Until I turn. That’s when the guy realizes he’s getting a two instead of a nine, and disappointment sets in.

“Aw, fuck yeah.” His grunted words are punctuated by my pussy sliding down on his cock.

He’d rather do me doggy-style, so he doesn’t have to stare me in the face, but this position is better for me. And since he’s not the least bit concerned with anything other than getting his own rocks off, a girl’s gotta do what a girl’s gotta do.

Why do I even bother going to all this trouble? Well, I’d deny it till my last dying breath, but deep down, there are times when I feel so damn lonely and isolated that I crave another person’s touch. A brief moment to feel connected to someone, even if it’s only physical.

That’s why, on occasion, I pick up an out-of-towner at the Freebird to scratch my itch. There’s no worry that I’ll have to face them afterward, and they consider fucking “the scar-faced chick” as something weird and different. But this whole deal has started to lose its luster.

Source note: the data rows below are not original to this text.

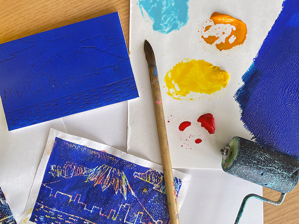 このワークショップでは、かんたんにできる手法で、カラフルな版画づくりを体験します。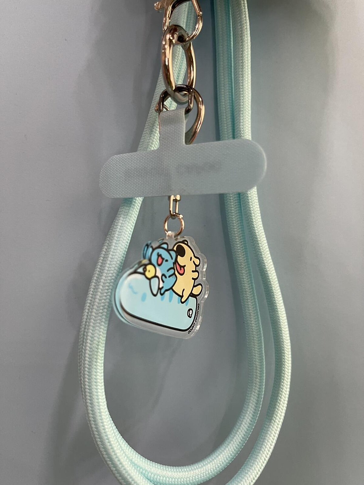 能夠解放你雙手的超實用好物就在這裡!靈活掛法讓君挑選,無論是掛脖還是斜背都適合,內含含1墊片+隨機1掛繩+隨機1壓克力吊飾,掛繩共2色、吊飾共4款,採隨機出貨,加購價:$99/組。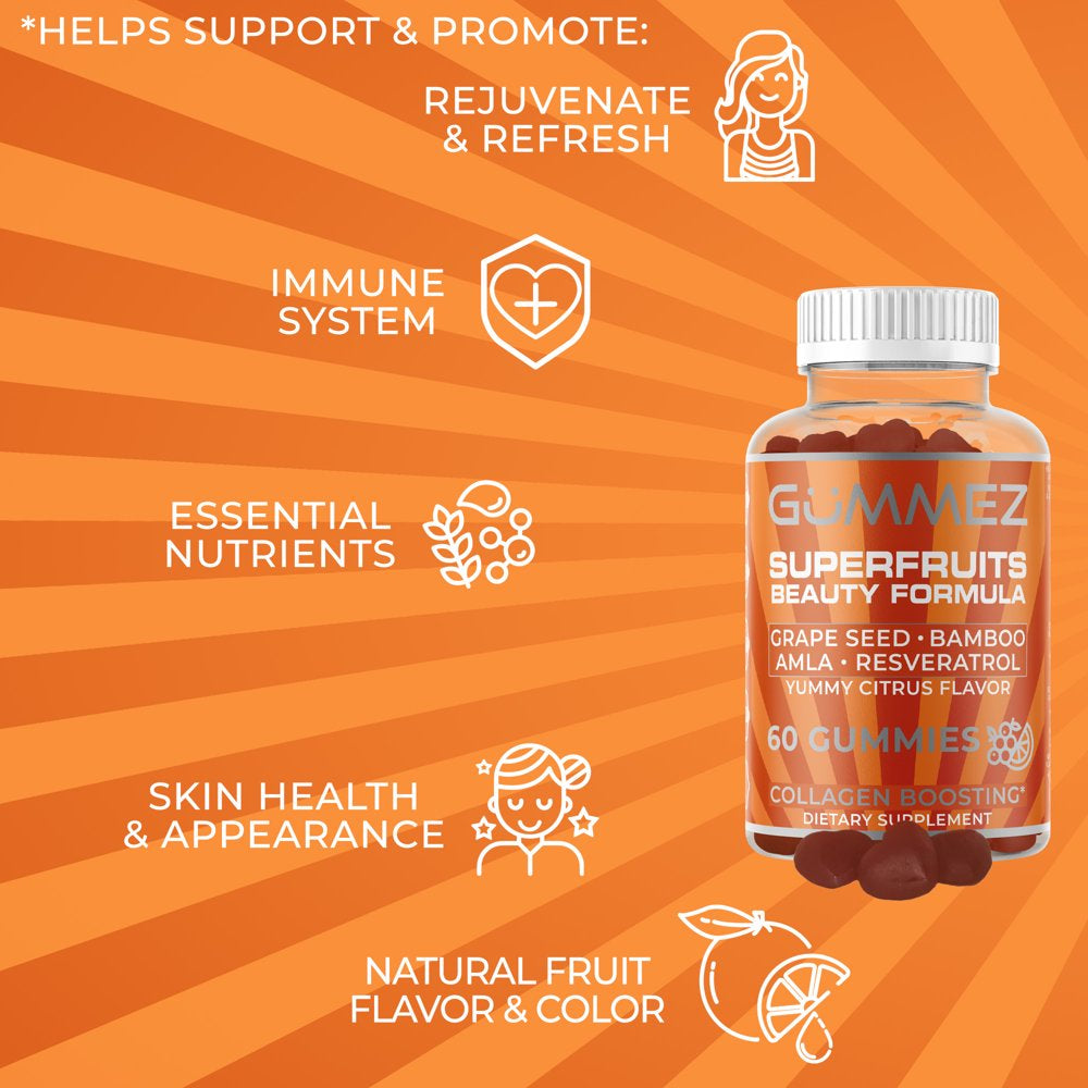 - Gummez Superfruit Gummies - Our collagen booster gummy was specifically chosen for the special role it plays in helping create the ideal vitamins to support a youthful look. Try them today!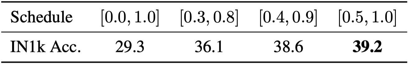 Analysis of noise schedule. We test masked diffusion captioning pretrained on CC3M with different noise schedules by linear probing on ImageNet-1K.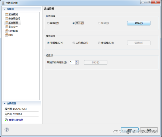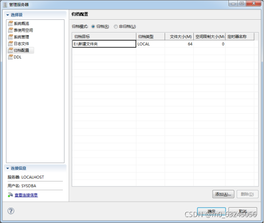 点击“开始-所有程序-达梦数据库-客户端-DM管理工具”,连接需要备份的数据库实例。连接好后,右键点击“管理服务器”,点击“系统管理”,点击“配置”后点击“转换”,点击“归档配置”,选择“归档”,添加归档目标,点击确认,右键点击“管理服务器”,点击“系统管理”,点击“打开”后点击“转换”,点击确定。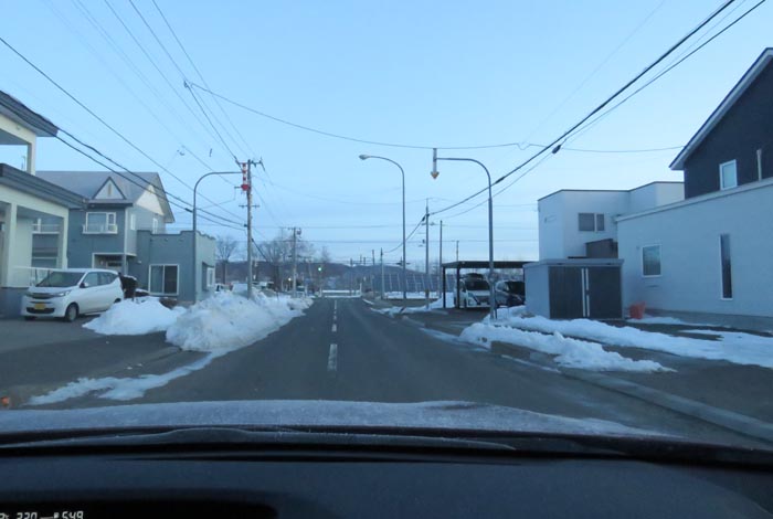 末広町の南岸通り、西4号線バス停前から野付牛自動車学校方向
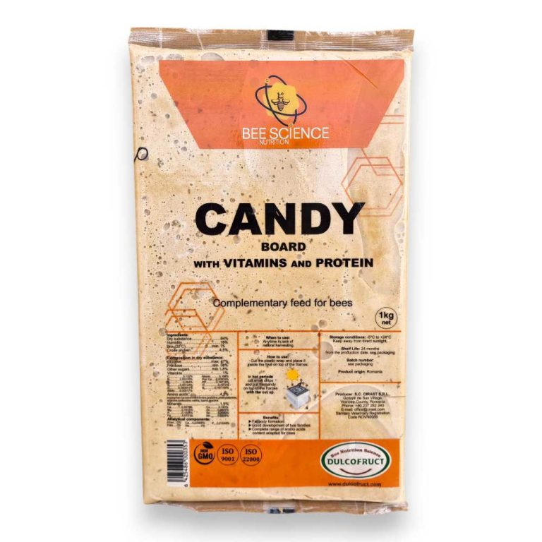 Turtă energetică cu vitamine și proteine 1 kg este o hrană solidă destinată susținerii și stimulării dezvoltării familiilor de albine atunci când resursele naturale sunt insuficiente. Produsul oferă atât aport energetic, cât și nutrienți importanți care contribuie la menținerea vitalității coloniei.
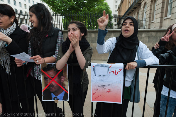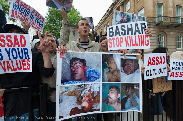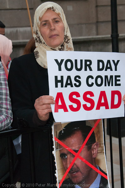The cartoon shows Syrian president Bashar al-Assad  with the devil''s horns and tail and a pitchfork

If it ever really had a shine to begin with, that is.

I get that I’m a freak. That there’s not a chance in hell of finding someone who’d accept me for who I am and what I can do. I also can’t trust that another person wouldn’t try to use my ability for their own gain.

“Yeahhh. Just like that, baby.” He rolls his hips, and sure, it feels good, but he’s chasing his own goddamn O and not the least bit worried about mine. Which is why I have no choice in the matter. I need to take control of my own pleasure.

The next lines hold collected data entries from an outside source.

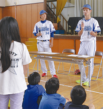 市立南小学校(田中弘子校長)で6月19日、横浜DeNAベイスターズの小杉陽太選手と平田真吾選手が訪問授業を行った。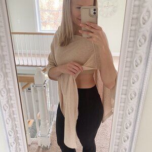 Lightweight cotton cashmere nursing cover shawl cocoon poncho in Oatmeal/Natural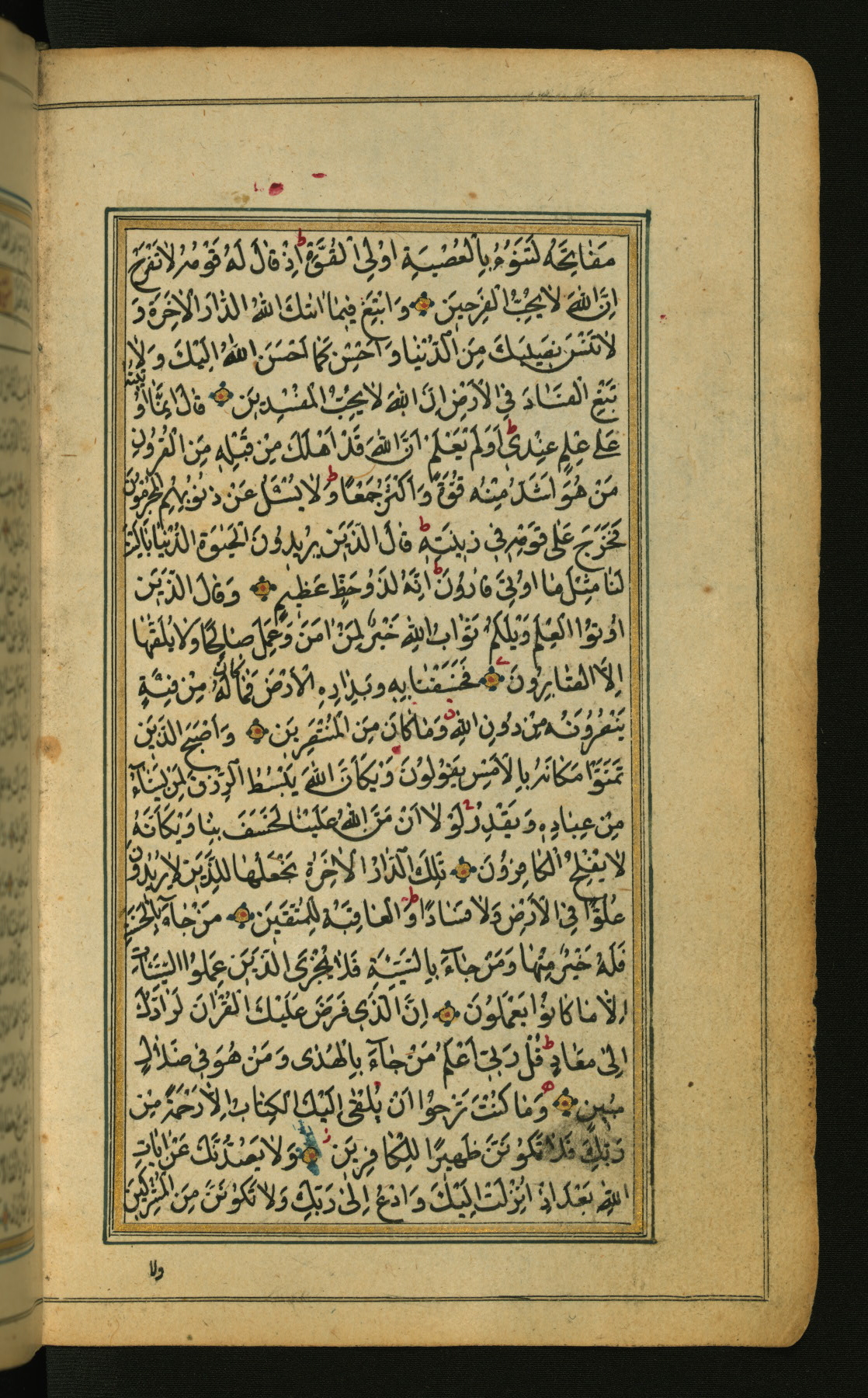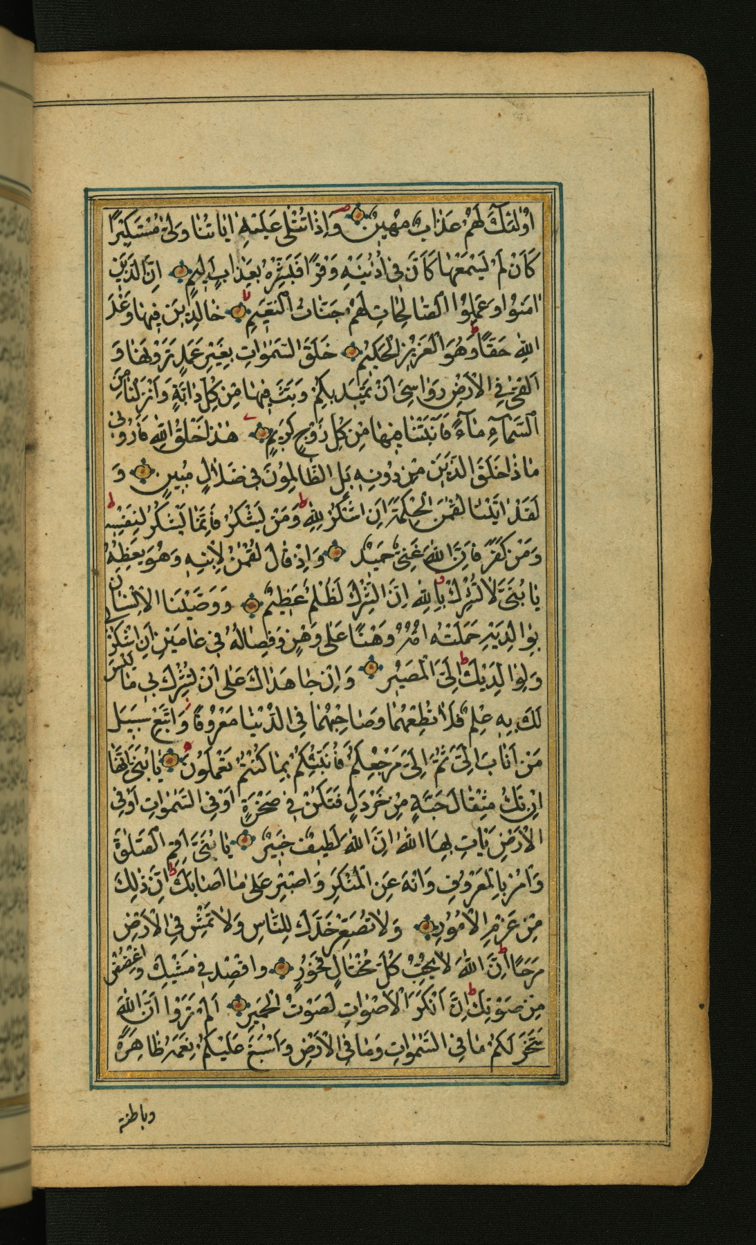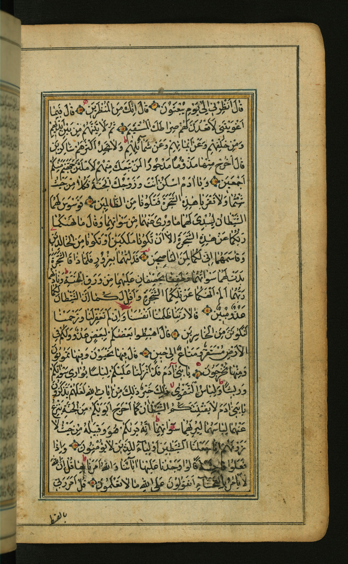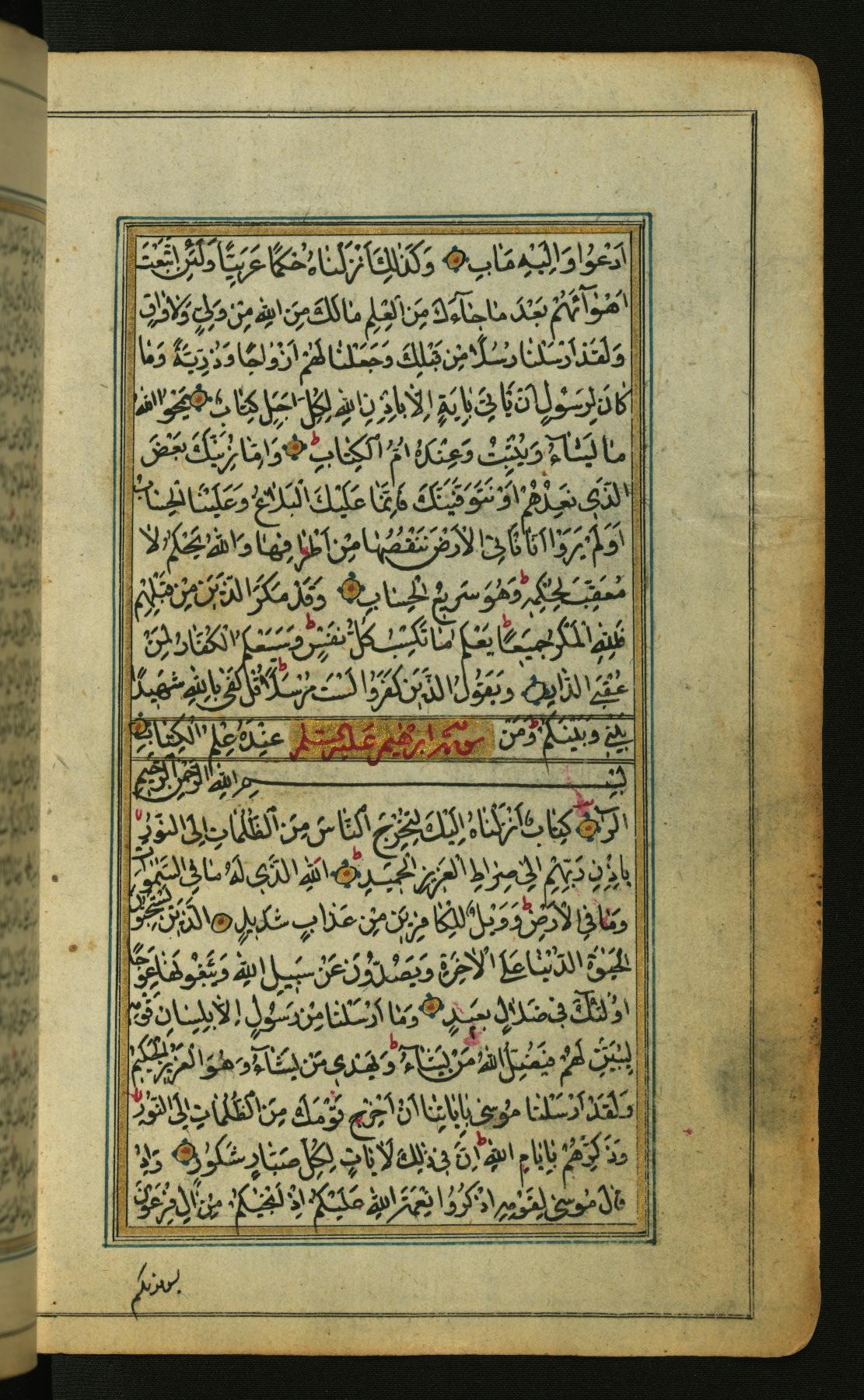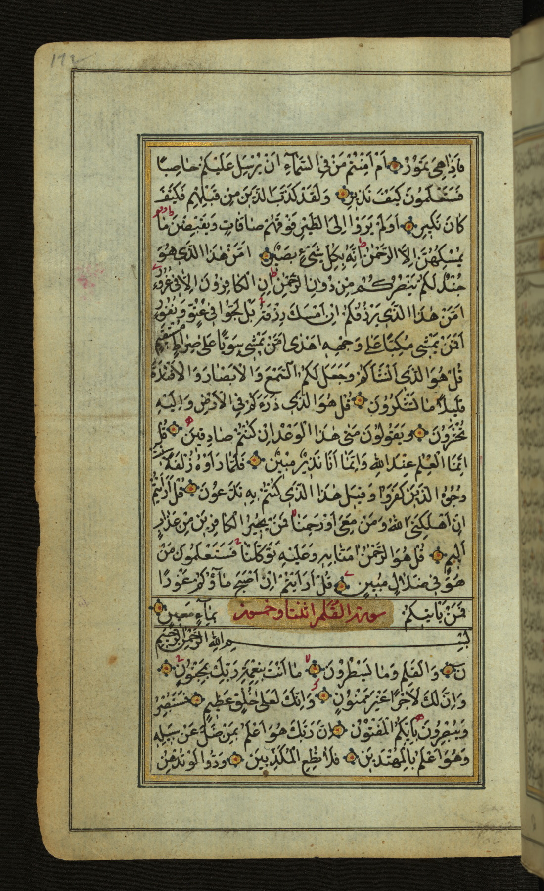 This manuscript is a small illuminated single-volume copy of the Qurʾan, likely produced in Iran. A date is inscribed on the final page, which is interpreted as 1230 AH / 1814-5 CE (fol. 186b). The manuscript opens with an illuminated double-page incipit with the verses of chapter 1 (Sūrat al-fātiḥah) and the initial verses of chapter 2 (Sūrat al-baqarah), decorated with interlinear illumination (fols. 1b-2a). The text is in vocalized naskh script in black ink with reading marks in red and text divisions, such as thirty verses (juzʾ) or sixty verses (ḥizb), in the margins. Illuminated discs with colored dots separate the verses. Chapter headings are in riqāʿ script in red ink on a gold ground. The nineteenth-century lacquer binding with a floral composition on a gold field on the upper and lower boards seems to be contemporary with the manuscript. The insides of both boards are painted with a lobed yellow central medallion and pendants on an orange field.

The instant I concentrate and press my thumb and finger together, everything goes still. Including the man beneath me. He lies there as if he’s frozen, and in a way he has.

Frozen in time.

No longer does a light breeze from the air-conditioning unit tousle the corner of the bedsheet. Now the material lies flat, unmoved. The near-lifeless bulb in the shitty desk lamp no longer performs its annoying off-beat strobe-light flicker.

Light from tonight’s half-moon drifts past the curtain’s edges, disrupting the room’s dark shadows. Its glow cuts a path that partially illuminates the man beneath me.

Face perfectly still, his mouth is parted. His chest no longer rises and falls, but he’s not dead.

An eerie silence has descended over the room, but I’m used to it. Used to being the only one impervious to the effect.

I shift on his hard cock and furiously rub my clit, eager to get off. My eyes fall closed as I chase my pleasure and dive deep into a place where nothing else matters.

Where my scars don’t elicit shudders or cringes. Where no one judges me strictly by my looks. Where it feels like I belong.